Here is an example of the kind of thing that drives me crazy: "Tara Estates," in Walton County, a development of houses in the $150,000+ range. Do I need to parse for you all the things that are wrong with that?
Southerners like to say that the war on the Union side was really about money, and not morals. It is absolutely true that sentiment against slavery didn't start to turn until it was no longer profitable for northern shipping companies, and also that northern industrialists didn't fancy having to pay tariffs on cotton like everybody else. However...
Axiom: ALL wars are, at bottom, about money. One way or another. This does not negate the fact that individual people may have other reasons for supporting a given side; many people fought for the Confederacy out of regional loyalty and not because they actually supported slavery. Note I say "fought." I am not letting the Confederate leadership off the hook whatsoever.
Because it was absolutely about money on their part. Not only were slaves the single greatest asset in the US economy, like the article says, the particular people who started the whole mess...the South Carolina secessionists...were very decidedly motivated by money. They were Beaufort plantation owners, who were getting ten times as much per pound for their Sea Island cotton than the price for regular cotton. They were getting absolutely filthy stinking rich, so rich that they would do things like build a mansion in town just to throw parties. Much like the super-rich of today, when they got the idea that the government might interfere in their very lucrative exploitation of other humans, they were horrified and decided they must do something! And had enough power and influence to make it stick. The idea that the Union side was motivated by financial considerations but the Confederacy wasn't is a myth.

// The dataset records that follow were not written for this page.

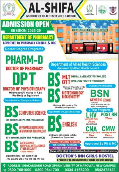 Al-shifa Institute Of Health Sciences Narowal admission office has announced that admission are open for session 2026.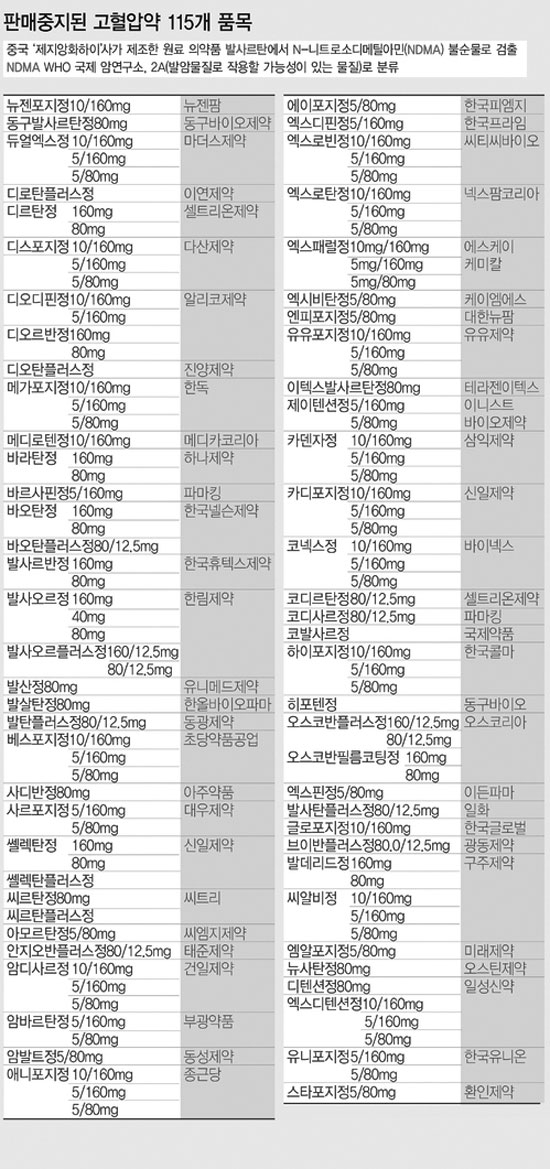 A약국 관계자는 “정부 발표 후 문의 전화가 빗발쳤다. 자신이 복용하는 약품이 교환 품목에 해당하는지 물었다”며 “판매 중지 품목은 정부 발표 후 즉시 처방이 금지됐고, 회수는 차차 진행되는 것으로 알고 있다”고 전했다.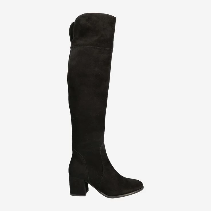 Stiefel mit überlangem Schaft sind nicht mehr aus der Mode wegzudenken und sollten bei stylischen Outfits im Winter nicht fehlen. Man kann sie perfekt mit Kleider, Jeans und überlangen Pullis kombinieren. Wichtig ist es, dass man so wenig Haut wie möglich zeigt, damit die Overknees perfekt in Szene gesetzt werden und dabei elegant aussehen. Das weiche Veloursleder schmiegt sich sanft an die Beine an. Der Blockabsatz unterstützt einen angenehmen Auftritt.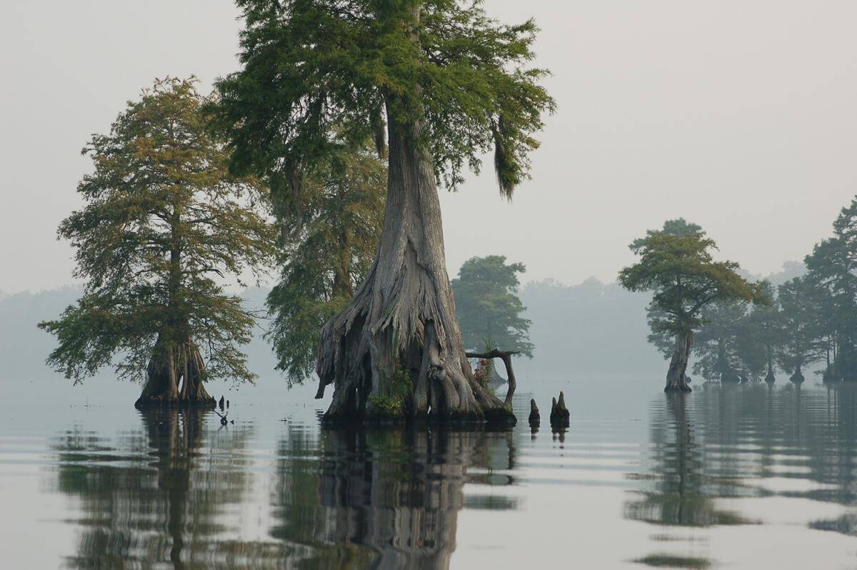Bald cypress in Lake Drummond, Great Dismal Swamp National Wildlife Refuge, Virginia, August 2, 2006. Photograph by Rebecca Wynn, uploaded by Albert Herring. Courtesy of Wikimedia Commons. Creative Commons license CC BY 2.0.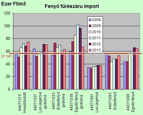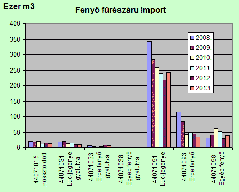 Az összes import tehát a több mint fél millió m3-ről csökkent kb 350 ezer m3-re. (Volt idő, amikor még évi 1 millió m3 felett járt, de akkor több volt az építkezés és kevésbé fejlettek voltak a felhasználási módszerek, technológiák.) Ezen belül a grafikon mutatja, hogy a gyalulatlan, toldatlan luc-jegenye fűrészáru e termékcsoport zömét teszi ki. (2013-ban a 348 e m3-ből 242 e m3-t tett ki.) A megmunkálatlan erdeifenyő és egyéb fenyő tételek ettől elmaradnak, a gyalult és hossztoldott áru importja pedig egészen csekély. Ha egy szállítmány 35 m3 (22 t), akkor a teljes fenyő fűrészáru importunk a 2013. évi adat alapján 9.955, kerekítve 10 ezer fuvart tesz ki. (Persze a többnyire kereskedőkhöz érkező árut utána még a felhasználójához is el kell juttatni, tehát valójában ez másfél-kétszer ennyi fuvar.)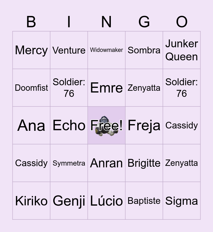 This bingo card has a free space and 102 words: D.Va, Doomfist, Junker Queen, Mauga, Orisa, Ramattra, Reinhardt, Roadhog, Sigma, Winston, Wrecking Ball, Zarya, Hazard, Domina, Ashe, Bastion, Cassidy, Echo, Genji, Hanzo, Junkrat, Mei, Pharah, Reaper, Sojourn, Soldier: 76, Sombra, Symmetra, Torbjörn, Tracer, Venture, Widowmaker, Freja, Vendetta, Emre, Anran, Mizuki, Sierra, Ana, Baptiste, Brigitte, Illari, Kiriko, Lifeweaver, Lúcio, Mercy, Moira, Zenyatta, Juno, Wuyang, Jetpack Cat, D.Va, Doomfist, Junker Queen, Mauga, Orisa, Ramattra, Reinhardt, Roadhog, Sigma, Winston, Wrecking Ball, Zarya, Hazard, Domina, Ashe, Bastion, Cassidy, Echo, Genji, Hanzo, Junkrat, Mei, Pharah, Reaper, Sojourn, Soldier: 76, Sombra, Symmetra, Torbjörn, Tracer, Venture, Widowmaker, Freja, Vendetta, Emre, Anran, Mizuki, Sierra, Ana, Baptiste, Brigitte, Illari, Kiriko, Lifeweaver, Lúcio, Mercy, Moira, Zenyatta, Juno, Wuyang and Jetpack Cat.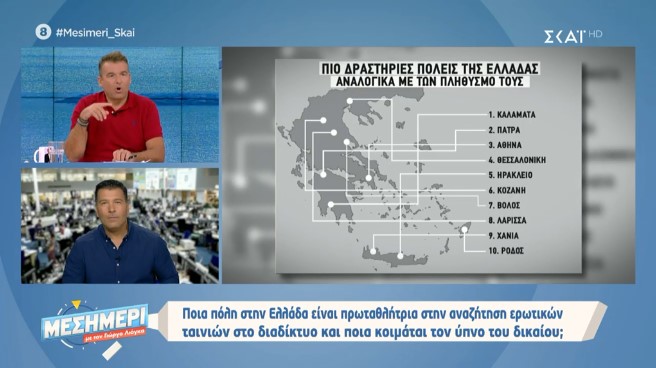 Ιδιαίτερη σχέση με το διαδίκτυο και συγκεκριμένα με την αναζήτηση και θέαση ερωτικών ταινιών φαίνεται πως έχει η Καλαμάτα. Αυτό τουλάχιστον προκύπτει από έρευνα της εταιρίας παραγωγής ταινιών πορνό “Sirina”. Μετά τη μεσσηνιακή πρωτεύουσα που κρατά τα πρωτεία, πιο «δραστήριες» πόλεις στην Ελλάδα (αναλογικά με τον πληθυσμό τους) στη θέαση πορνό αναδείχθηκαν στη δεύτερη θέση η Πάτρα και στην τρίτη η Αθήνα. Την τελευταία θέση της λίστας έχει η Ρόδος.

But modern people in the South don't believe that just because they're stupid or they don't read history. They believe it because the image of the agrarian, idealized, anti-commercial South was carefully created and promoted and mythologized. And not just here, though plenty of Southern authors participated in the literary version of the myth-making. People in the North ate it up with a spoon. Writers like Joel Chandler Harris (who grew up poor, spent plenty of time as a child around black people, and in my personal opinion knew better) helped create that myth because that's what his readers wanted and would pay for...his mostly Northern readers. We got noble savagized, or noble agrarianized. We are not the only ones who worship our ancestors as they never were. Hell, much of Southern literature in the 20th century could be understood as rebellion against that, or reaction to it. The consequences are still reverberating. As we can see.